The affirmative vote of a majority of the votes cast affirmatively or negatively for this proposal is required to ratify the selection of our independent registered public accounting firm. Abstentions will have no effect on the results of this vote. Brokerage firms have authority to vote customers’ uninstructed shares held by the firms in street name on this proposal. If a broker does not exercise this authority, such broker non-votes will have no effect on the results of this vote. We are not required to obtain the approval of our stockholders to select our independent registered public accounting firm. However, if our stockholders do not ratify the selection of Deloitte & Touche LLP as our independent registered public accounting firm for the fiscal year ended December 31, 2022, the Audit Committee of our Board of Directors will reconsider whether or not to retain Deloitte & Touche LLP.

 

Proposal 3: Approval, on an Advisory Basis, of the Compensation of our Named Executive Officers

The affirmative vote of a majority of the votes cast affirmatively or negatively for this proposal is required to approve, on an advisory basis, the compensation of our named executive officers. Abstentions have no effect on the results of this vote. Brokerage firms do not have authority to vote customers’ uninstructed shares held by the firms in street name on this proposal. As a result, any shares not voted by a customer will be treated as a broker non-vote. Such broker non-votes will have no effect on the results of this vote. Although the advisory vote is non-binding, the Compensation Committee and the Board of Directors will review the voting results and take them into consideration when making future decisions regarding executive compensation.

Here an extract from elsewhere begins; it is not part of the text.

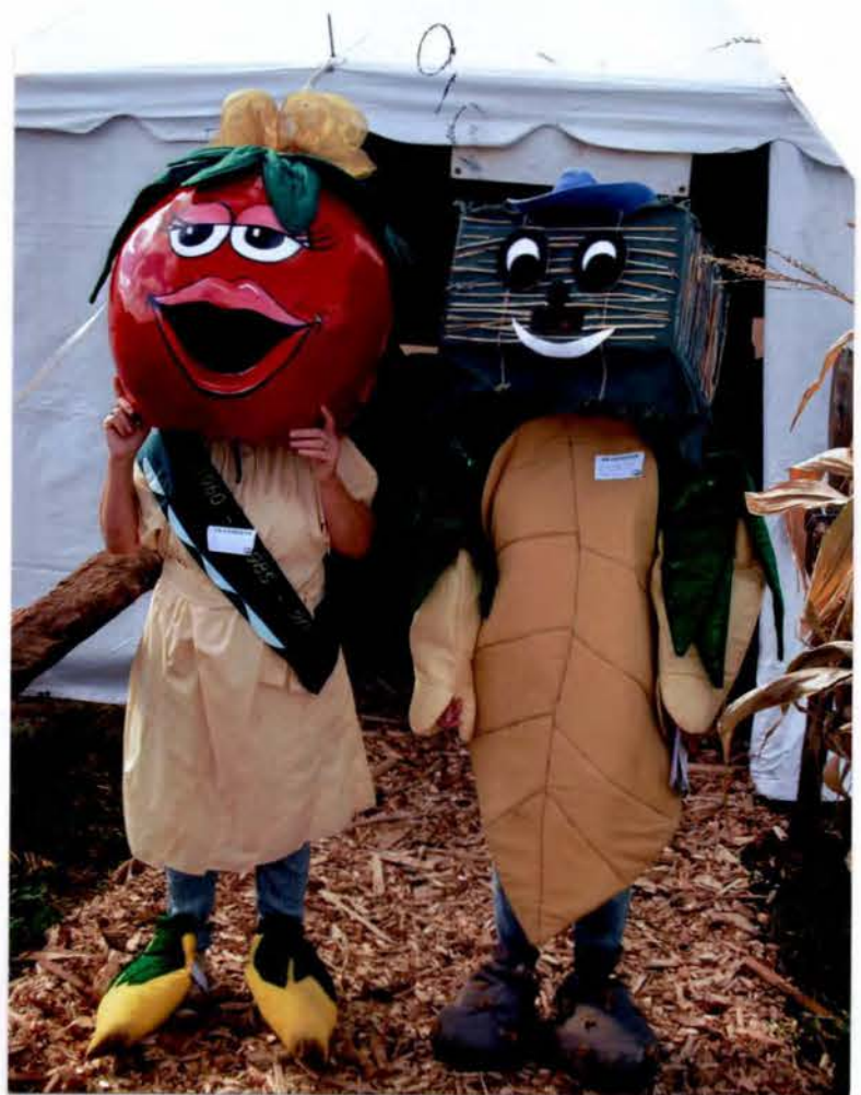
I "ELLY" MASCOT for Plowing Match and 2 "ELGIE"

2010 INTERNATIONAL PLOWING MATCH Grand Opening Luncheon Tuesday, September 21, 2010

Where Can I Find the Voting Results of the Annual Meeting?

The preliminary voting results will be announced at the Annual Meeting and we will publish preliminary results, or final results if then available, by filing a Current Report on Form 8-K within four business days after the Annual Meeting. If final results are unavailable at the time we file the Form 8-K, then we will file an amended Current Report on Form 8-K to disclose the final voting results within four business days after the final voting results are known.

5


 

If we Solicit Proxies, Who will Pay the Costs of Soliciting these Proxies?

If we solicit proxies, we will pay all of the costs of soliciting these proxies. Our directors and employees may solicit proxies in person or by telephone, fax or email. We will pay these employees and directors no additional compensation for these services. If we ask banks, brokers and other institutions, nominees and fiduciaries to forward these proxy materials to their principals and to obtain authority to execute proxies, then we will reimburse them for their expenses. We have not engaged and do not currently intend to engage a proxy solicitor to assist us with the solicitation of proxies. If we later determine to engage a proxy solicitor, then we will pay the costs of the solicitor, including its fee and the reimbursement of its expenses.

What Constitutes a Quorum for the Annual Meeting?

The presence, in person or by proxy, of the holders of a majority of the outstanding shares of our common stock entitled to vote at the Annual Meeting is necessary to constitute a quorum at the meeting. Votes of stockholders of record who are present at the Annual Meeting in person or by proxy, abstentions, and broker non-votes are counted for purposes of determining whether a quorum exists.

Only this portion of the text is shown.